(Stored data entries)
┄┄┄┄┄┄┄┄┄┄┄┄┄┄┄┄┄┄┄┄

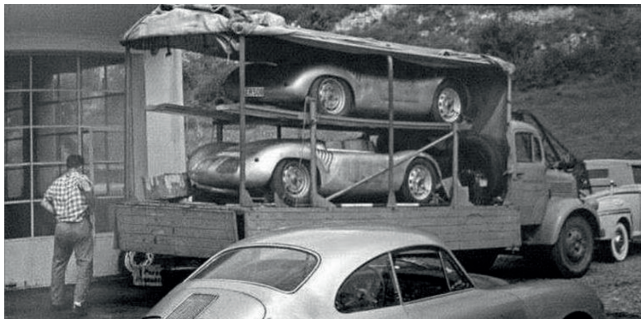
Mercedes-Benz L3500 PORSCHE mit Porsche 550 Karosserien Mercedes-Benz L3500 PORSCHE with Porsche 550 silhouettes
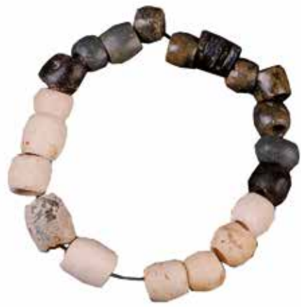
Trikuharrian aurkituriko giza apaingarriak. Elementos de adorno personal hallados en el dolmen.

La mayor parte de estos materiales se conservan en el Bibat. Museo de Arqueología de Álava (Vitoria-Gasteiz).
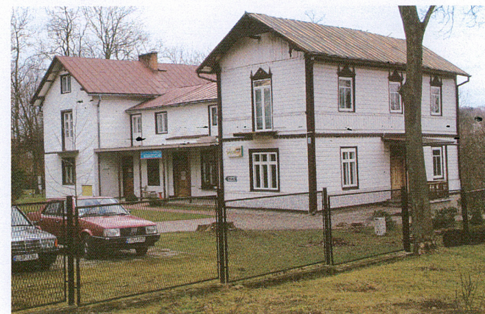
1. Widok od pd.-wsch.

Instalacje: Wodno-kanalizacyjna, elektryczna, c.o., gazowa, odgromowa.
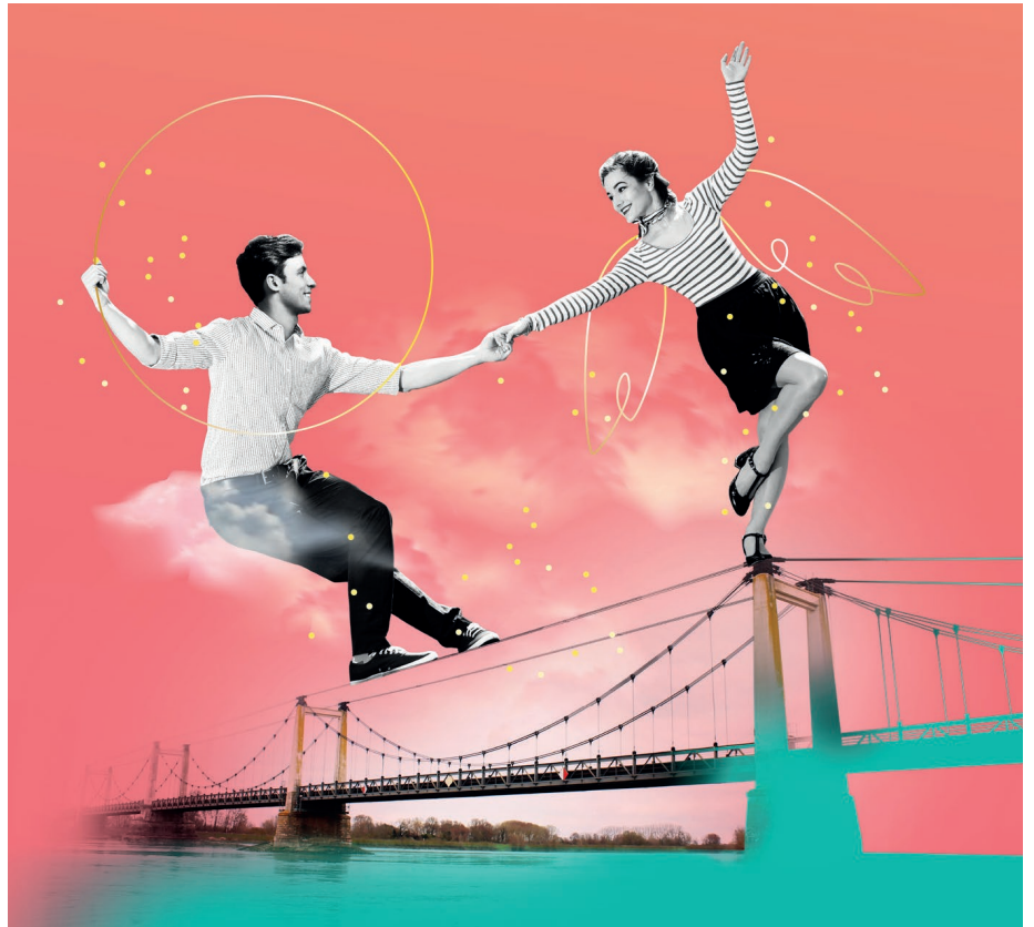
Visuel de la saison 2019-2020 de Scènes de Pays

┄┄┄┄┄┄┄┄┄┄┄┄┄┄┄┄┄┄┄┄

WHAT THIS TASK INVOLVES: Each line from the one containing "c.o., gazowa, odgromowa." through the last line of the entries above is to be extracted exactly. Pictures are not part of the copy.

RESULT:
Instalacje: Wodno-kanalizacyjna, elektryczna, c.o., gazowa, odgromowa.
Visuel de la saison 2019-2020 de Scènes de Pays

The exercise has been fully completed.